This year’s winning entry in Memphis Jewish Federation’s 10th Annual Holocaust Essay contest was written by Nashville resident and Franklin High School 12th Grader Jake Bengelsdorf. He traveled to Memphis to read this essay at Yom HaShoah, which took place Thursday evening.
There is one course of action so powerful that it can defeat any aggressor. Stronger than hatred, and stronger than violence. Stronger than all the hostility and egregious acts the world has to offer. Stronger than the Schutzstaffel, stronger than the Einsatzgruppen. Stronger than the 2100 soldiers, 13 heavy machine guns, 69 handheld machine guns, 135 submachine guns, multiple howitzers, and 1,358 rifles used to destroy the Warsaw Ghetto.
It provides a key to hope and to life in one of the most destitute and savage places on Earth, the Warsaw Ghetto. It sparks hope in the masses and strikes fear in the oppressor. While barrages of Nazi bullets may rain down on the remaining Jewish citizens of the Warsaw Ghetto, their one secret weapon is in their indomitable and inviolable power of resistance.

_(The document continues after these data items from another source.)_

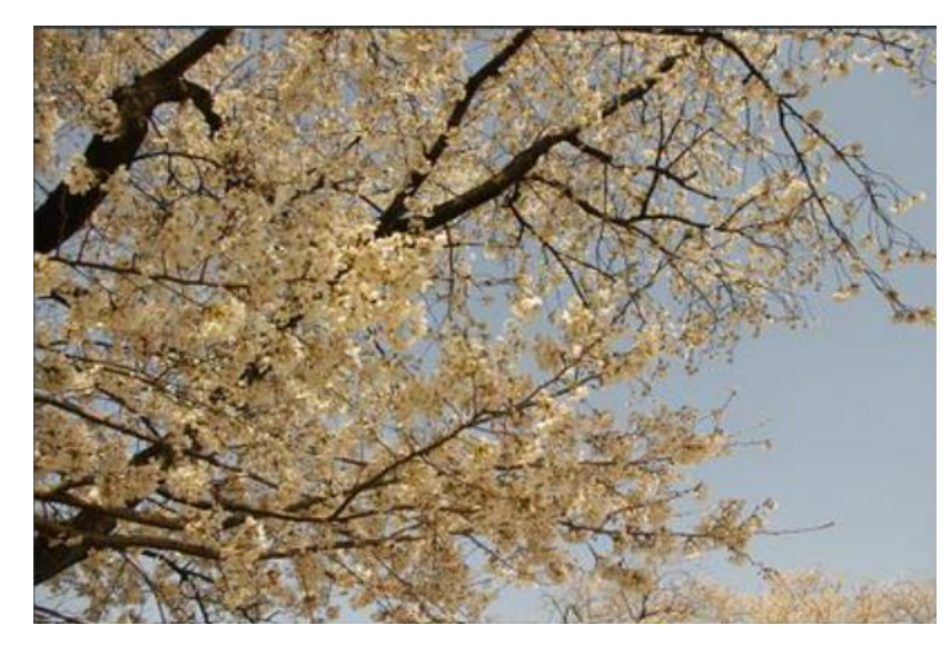
GA-29 - Japanese Cherry Blossom II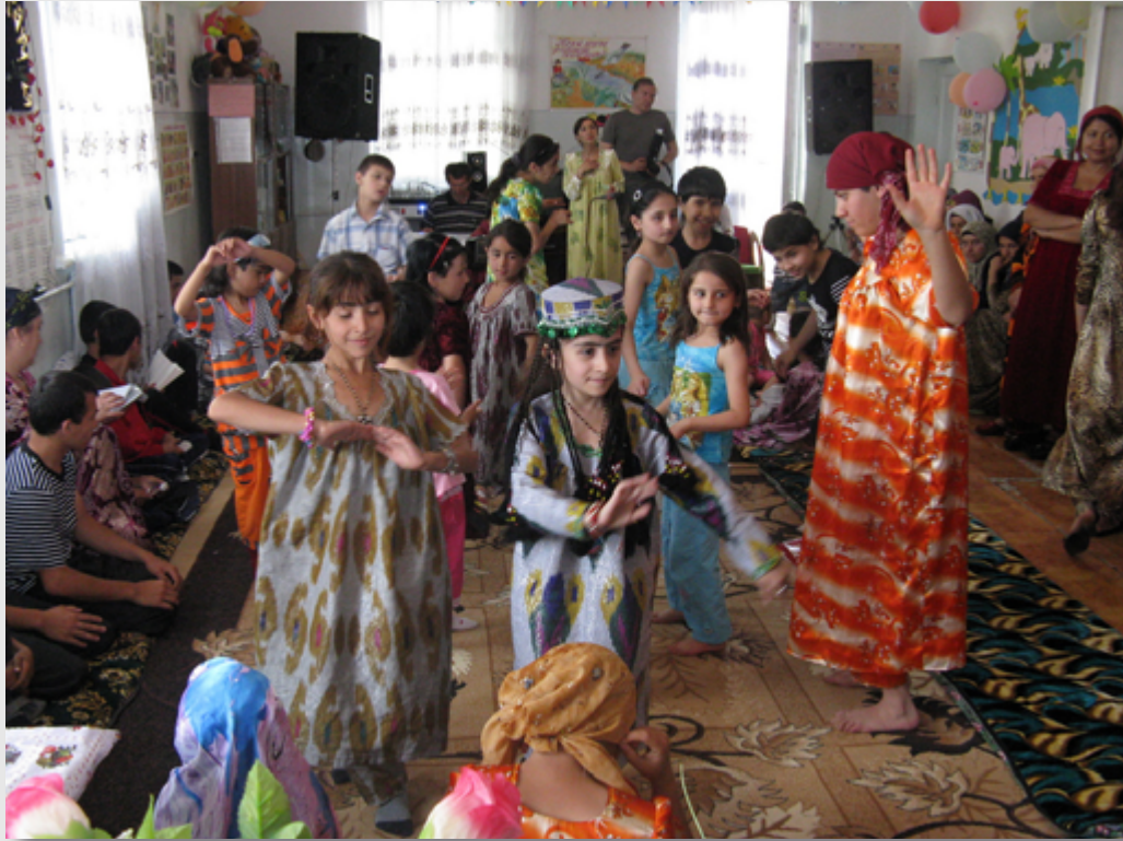
Tajik children dancing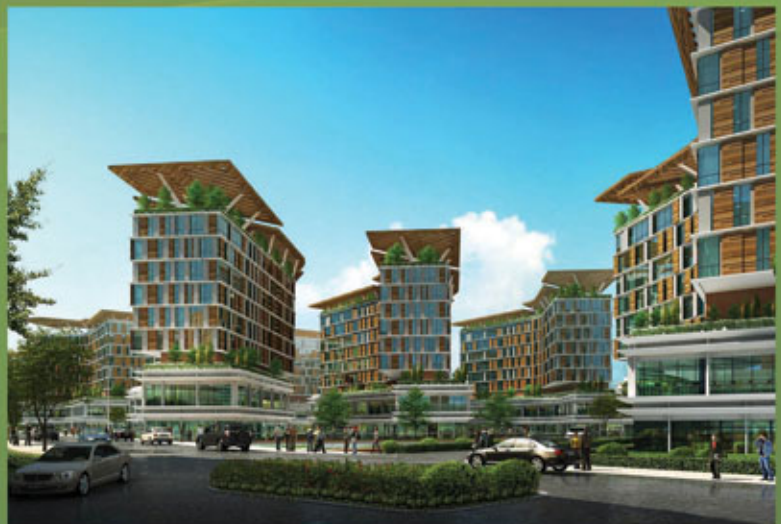
Sustainable architecture project in Zhihui Valley - Suzhou Science and Technology Town, China

We will do this in a way that makes commercial sense to our business by empowering people to change the way we consume energy, turning things off when they're no longer needed and investing in energy efficient technologies..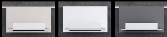
natural cream matte brilliant white dark anthracite

Schlüter-ARCLINE-BAK are designer bathroom accessories made by KEUCO, which are pre-mounted on 6 mm coloured ESG safety glass. The glass panels have a rear bracket that easily clicks into Schlüter-ARCLINE profiles for adjustable positioning. The accessories from the KEUCO design series EDITION 400, EDITION 11 and PLAN are available in a variety of colour palettes and cover a broad range of styles. The bathroom accessories can only be installed in conjunction with ARCLINE profiles.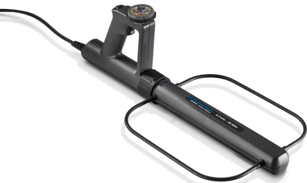
R&S®HE400BC basic handheld directional antenna with R&S®HE400HF

The R&S®HE400 antenna handle supports all antenna modules up to 8 GHz. It is compatible with the R&S®PR200 portable monitoring receiver, the R&S®PR100 portable receiver, the R&S®Spectrum Rider FPH, R&S®FSH4 and R&S®FSH8 handheld spectrum analyzers and the R&S®CableRider ZPH cable and antenna analyzer.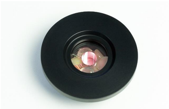
Figure 2 Rose Quartz gemcup

For medical feedback and inspiration our website displays statements from medical specialists and their patients as they express their wellbeing in their own words. Visit www.medicahhealth.org for general more information.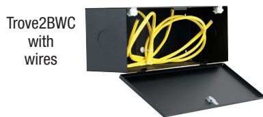
Trove2BWC with wires

Altronix Trove2BWC is a dual-purpose enclosure that can be used as wiring trough or battery cabinet when mounted above or below of the Trove2 integrated power and access solution. The knockouts on the Trove2BWC have been strategically placed to line up with the Trove2 allowing for easy conduit connections between cabinets. Trove2BWC includes cam locks and 2 tamper switches to ensure access to wiring and batteries is secure.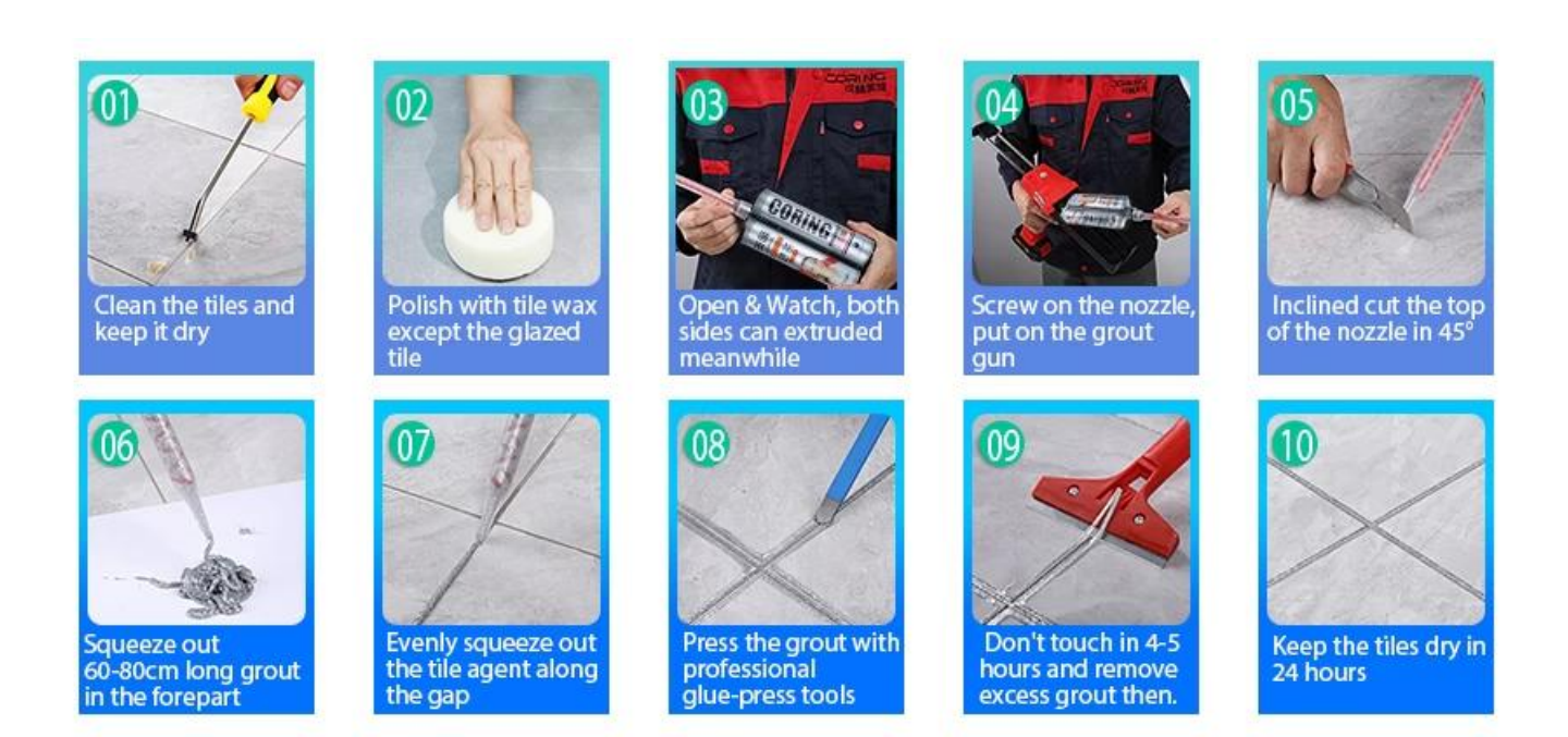
Professional Joint-Pressing Tool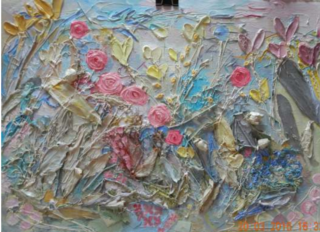
Heaven Scent - mixed media on paper Private collection, Co Waterford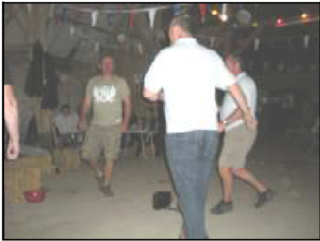
Strange people dancing round their handbag

The Harvest Supper and entertainment in the evening were excellent. It became obvious that EKC has a lot of dedicated and hard-working followers. There was an easy banter and lots of fun to be had on and off the dance floor.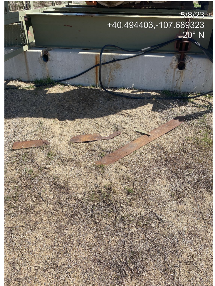
Photo 13. Photos show trash/debris at the eastern fills slope (left) and pumpjack (right).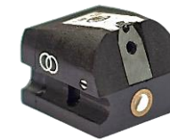
Type Designation: DST201uf

Body: Tonewood, Brass, Bone, nacre Type: MC. Stereo 1/2 inch system. Nonferromagnetic core generator. Boron cantilever. SmCo. Pure Silver wiring. Double-hardened pure silver contact pins. Weight: approx.22±0.5g / Impedance: approx. 16 Ω Output Voltage: 0.2 mV ± 2dB 1kHz/5.6 cm/Sec/L&R 45° Frequency Range: 20Hz to 35kHz Tracking Force: 1,7-1,9g (Recommended 1.8g) Channel Sep.: a>27db / 1kHz Compliance: 12 x 10 -6 cm/dyne at 10 Hz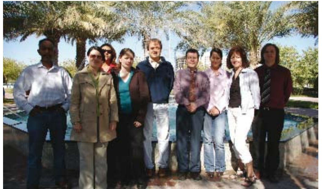
HCT faculty attend Final Cut Pro course.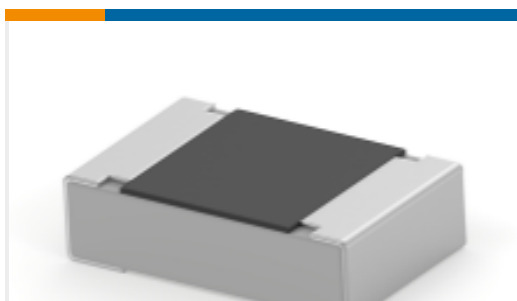
TE Part #3-2176342-7 CRGCO 0805 1M0 5%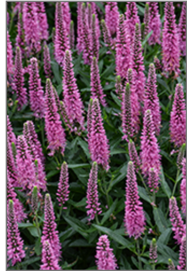
Skyward Pink Long-leaf Speedwell flowers

Skyward Pink Long-leaf Speedwell is recommended for the following landscape applications;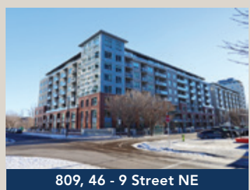
Top Floor, 2 Bdrm, Bridgeland $579.900

Resistance was not death – but a choice of how to live in the moments before one died.
Resistance had a myriad of faces in the ghetto, constituting not only of those who fought but those who inspired others to do the same. While the Warsaw sky burned red, underneath the rubble the nascent Jewish Combat Organization was born into the most gruesome conditions imaginable. The fighters, led by commander Mordecai Anielwicz, took out 12 Nazi soldiers, initiating the largest and first urban uprising in German-occupied Europe by the most poor, barren, unequipped, emaciated, and bereft populace in Warsaw – David had defeated Goliath once again. These actions inspired Jews in more than 100 ghettos to form underground movements with the goal of escaping the ghetto and revolting. A spark of hope spread like wildfire, a veritable Ner Tamid for the Jewish people in their darkest hour.
When the Nazis seemed resolute in killing the Jews of the Warsaw Ghetto, the Jews fought back in resistance. After weeks of onslaught and aggression, the Jews still fought back in resistance. And when the Nazis wanted to rid the world of the Jewish religion, the Jews defied them and celebrated life and tradition in resistance and resilience. The face of resistance can come from the rugged countenance of a ZOB fighter, or the gaunt profile of a child studying Torah underground. In spite of the Nazi’s, Jews taught children, had seders, used raisins and beets to make wine, and kept kashrut. The practicing Jews of the Warsaw Ghetto were clinging onto their heritage as tightly as they could, and in doing so, resisted the Final Solution with bravery and fervor.
Seventy-five years later, on a Poland trip
with my summer camp, I was reminded of the Warsaw Ghetto’s unexplainable vigor
at Shabbat services in Warsaw’s Nożyk synagogue, the only surviving prewar shul
in the city. As I took my seat, an aging but spry man with a thick New York
accent sat next to me and asked for a siddur – he was a Warsaw Ghetto survivor
who escaped as a child to the Aryan side of the city. I sat in awe as he got up
later to lead Musaf with a profound energy that could have come from an Olympic
athlete. His kavanah and ruach dumbfounded me, as I knew he was praying for
every one of his peers who didn’t get the chance to pray. Praying for the souls
that were lost on this very ground. Praying, in resistance.
To understand the Holocaust, to understand the survivors, and to understand their memories carried on by this man, one must not only analyze the tribulations of the Jewish people – but how they resisted, and how they lived with vitality in the moments before they died.